И лишь в последнем звене рода „едкая соль“ предшествующих отрицателей выжжет черты бесплодного скепсиса, пассивности.
В эпилоге „Возмездия“, по замыслу поэта, должен был быть изображен растущий ребенок, уже повторяющий по складам вслед за матерью: „И я пойду навстречу солдатам… И я брошусь на их штыки… И за тебя, моя свобода, взойду на черный эшафот“ (111, 299). Лишь он, как писал Блок в предисловии к поэме, „готов ухватиться своей человечьей ручонкой за колесо, которым движется история человечества“ (III, 298).
Русская жизнь рисуется перед поэтом во всех своих грозных „готовностях“, чреватая теми бурями и потрясениями, которые Блоку было суждено увидеть наяву и которые были им прозорливо угаданы:
Не всякий может стать героем,
И люди лучшие — не скроем
Бессильны часто перед ней,
Так неожиданно сурова
И вечных перемен полна;
Как вешняя река, она
Внезапно тронуться готова,
На льдины льдины громоздить
И на пути своем крушить
Виновных, как и невиновных,
И нечиновных, как чиновных…
На метельных улицах Варшавы сын слышит в бушующих выкриках вьюги не только голос панихиды по отцу (или даже по нему самому?!), но и нечто совсем новое:
…ветер ломится в окно,
Взывая к совести и к жизни…
Образы вьюги, ветра, „Пана-Мороза“, который „во все концы свирепо рыщет на раздольи“, в чем-то предваряют атмосферу будущей блоковской поэмы „Двенадцать“ с ее сквозным мотивом революционной бури, гудящей над миром.
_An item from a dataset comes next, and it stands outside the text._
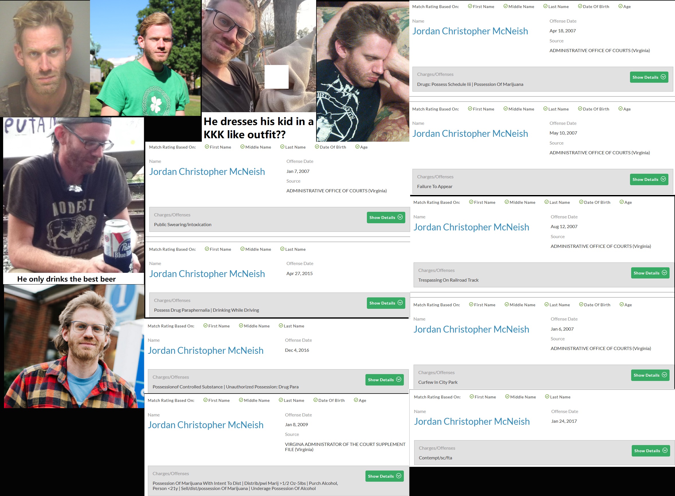 Jordan Christopher McNeish is a pothead who participated in the Charlottesville Unite the Right counter-protest. McNeish was arrested for spitting on rally organizer Jason Kessler in a park and was charged with disorderly conduct. McNeish was previously occupied with Occupy Charlottesville in the early 2010s. He seems to have had a substance abuse problem when he was younger with many drug and alcohol related arrests. McNeish probably dealt pot, he has an arrest for possession with intent to distribute. He also has arrests for trespassing, curfew violation, contempt, failure to appear, drinking while driving and possession of drug paraphernalia. He's still involved with drugs, at least with overdose prevention meds. He held a GoFundMe campaign to raise money for Naloxone. He's advocated at Charlottesville City Council meetings for marijuana legalization. It's uncertain whether he lives in Afton or Scottsville, Virginia but they're both close to Charlottesville. https://archive.vn/cMwDo, https://archive.vn/pl6l5, https://archive.vn/PhHDL, https://archive.vn/EXNRm https://archive.vn/gxnJq#selection-3719.74-3719.88 https://www.youtube.com/watch?v=Ycjenr06CXk&ab_channel=gfyuifgtviftgiwsfisftiiy

Грозная, звучавшая в душе поэта музыка „возмездия“, как туча, заходившего над миром, определила патетическое, полное тревожного ожидания звучание блоковской поэмы, подсказало автору крылатые и лапидарные характеристики времени.
Случались в истории величественные постройки, предпринятые гениальными зодчими и почему-либо не доведенные до конца. Вы бродите под сводами залов, по широким лестницам, ощущаете логику архитектурного замысла, проникаетесь смелым полетом фантазии строителя; и грустное сознание, что никто никогда не увидит ее полного осуществления, борется в душе с благодарностью за то, что уже возведено.
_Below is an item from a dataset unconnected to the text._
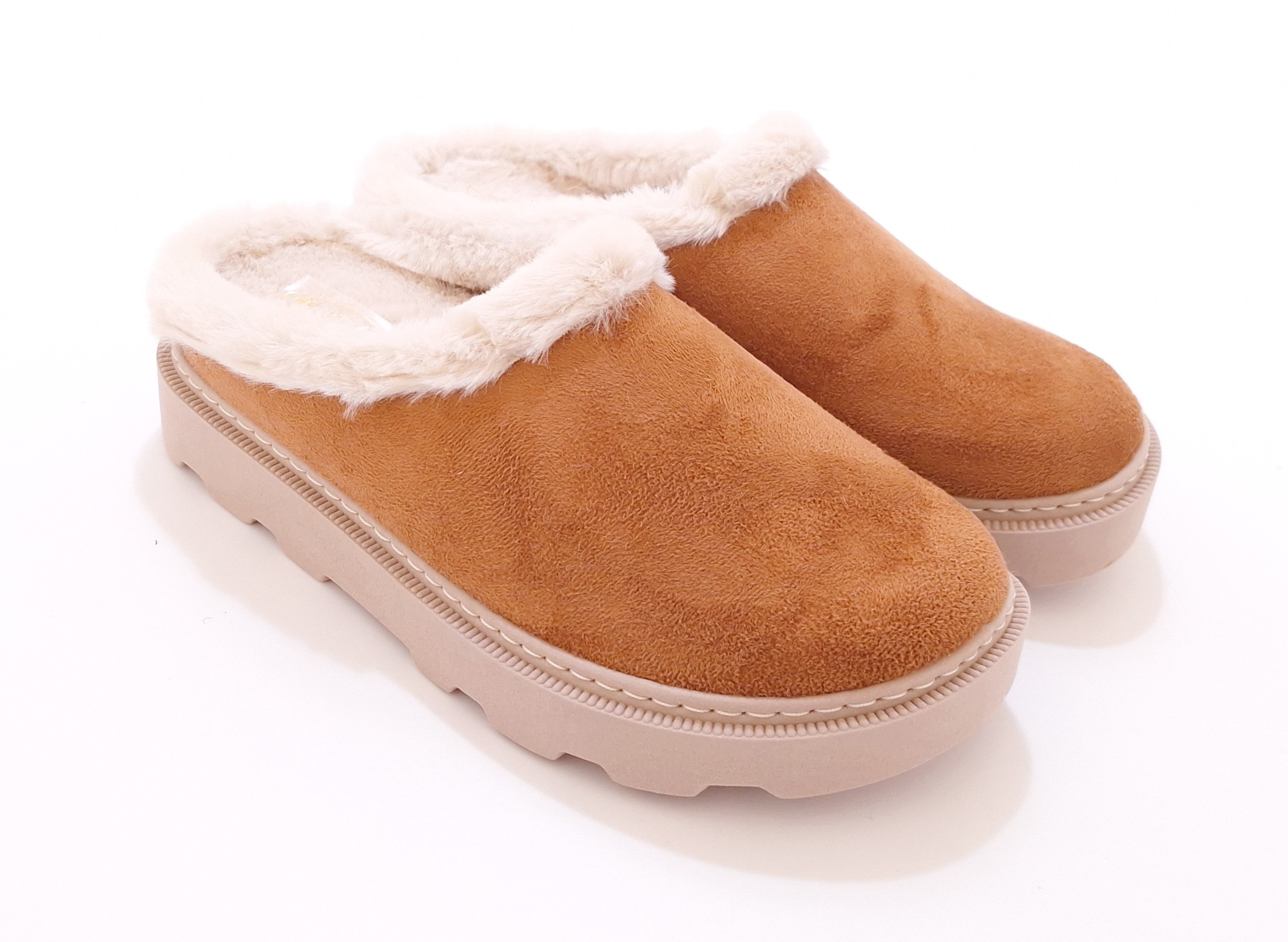- Wsuwane, ocieplane kapcie damskie w brązowym kolorze. Wyprodukowane w Hiszpanii.

С тем же чувством читаем мы „Возмездие“, рассматриваем могучую кладку ее величественного портала:
Двадцатый век… Еще бездомней,
Еще страшнее жизни мгла
(Еще чернее и огромней
Тень Люциферова крыла).
Пожары дымные заката
(Пророчества о нашем дне),
Кометы грозной и хвостатой
Ужасный призрак в вышине,
Безжалостный конец Мессины
(Стихийных сил не превозмочь),
И неустанный рев машины,
Кующей гибель день и ночь,
Сознанье страшное обмана
Всех прежних малых дум и вер,
И первый взлет аэроплана
В пустыню неизвестных сфер…
И отвращение от жизни,
И к ней безумная любовь,
И страсть и ненависть к отчизне…
И черная, земная кровь
Сулит нам, раздувая вены,
Все разрушая рубежи,
Неслыханные перемены,
Невиданные мятежи…
Отрывок этот очень характерен для блоковского миро ощущения, опиравшегося на факты и наблюдения, казалось бы, случайные и разрозненные, но служившие поэту основой для напряженной работы мысли.
„Я привык сопоставлять факты из всех областей жизни, доступных моему зрению в данное время, — писал он в предисловии к „Возмездию“, — и уверен, что все они вместе всегда создают единый музыкальный напор“ (III, 297).
В одну грозную симфоническую тему сливались для него гул разрушительного землетрясения в Мессине и „рев машины, кующей гибель день и ночь“ (вокруг уже задумывались о „могущественной индустрии, воспитанной войной и живущей для войны“, становящейся „автоматической пружиной и постоянным возбудителем военных импульсов“), не меньше, чем блеск вставшей над миром кометы, поражал Блока слабенький голосок пропеллера, к которому он прислушивался с особенным, тревожным вниманием:
О чем — машин немолчный скрежет?
Зачем — пропеллер, воя, режет
Туман холодный — и пустой?
Современники поражались, что поэму „Двенадцать“ как будто писал „новый поэт“ с „новым голосом“.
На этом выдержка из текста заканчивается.